■ **GOAL OF THE EXERCISE**: Only the stretch of the listing below that runs from the line with "Planina Zajamniki, Bohinj." through the line with "vrsti fotografskega materiala, naslovu" is to be printed, exactly and with both ends.

■ **DATA EXTRACTS**:
▼

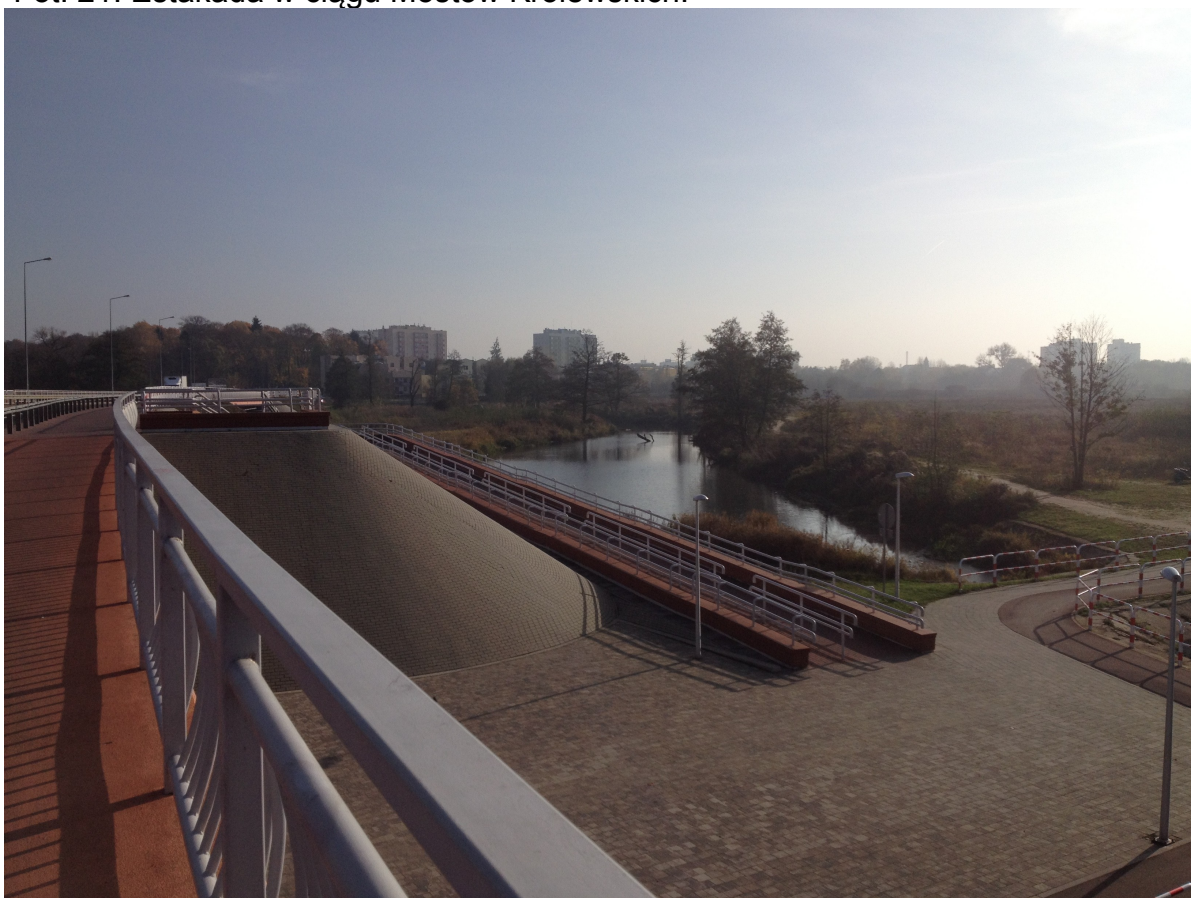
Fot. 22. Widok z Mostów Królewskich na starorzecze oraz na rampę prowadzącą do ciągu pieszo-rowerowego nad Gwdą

▲
▼

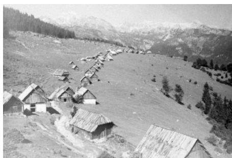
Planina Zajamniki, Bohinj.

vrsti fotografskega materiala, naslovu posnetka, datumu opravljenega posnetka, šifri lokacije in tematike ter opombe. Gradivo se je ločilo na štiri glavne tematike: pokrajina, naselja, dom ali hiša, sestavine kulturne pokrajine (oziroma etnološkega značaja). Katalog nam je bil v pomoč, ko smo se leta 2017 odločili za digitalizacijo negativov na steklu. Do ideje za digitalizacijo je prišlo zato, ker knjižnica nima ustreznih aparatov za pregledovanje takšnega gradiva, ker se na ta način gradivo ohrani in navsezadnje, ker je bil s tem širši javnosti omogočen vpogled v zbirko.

▲

■ **OUTPUT BELOW**:
Planina Zajamniki, Bohinj.

vrsti fotografskega materiala, naslovu posnetka, datumu opravljenega posnetka, šifri lokacije in tematike ter opombe. Gradivo se je ločilo na štiri glavne tematike: pokrajina, naselja, dom ali hiša, sestavine kulturne pokrajine (oziroma etnološkega značaja). Katalog nam je bil v pomoč, ko smo se leta 2017 odločili za digitalizacijo negativov na steklu. Do ideje za digitalizacijo je prišlo zato, ker knjižnica nima ustreznih aparatov za pregledovanje takšnega gradiva, ker se na ta način gradivo ohrani in navsezadnje, ker je bil s tem širši javnosti omogočen vpogled v zbirko.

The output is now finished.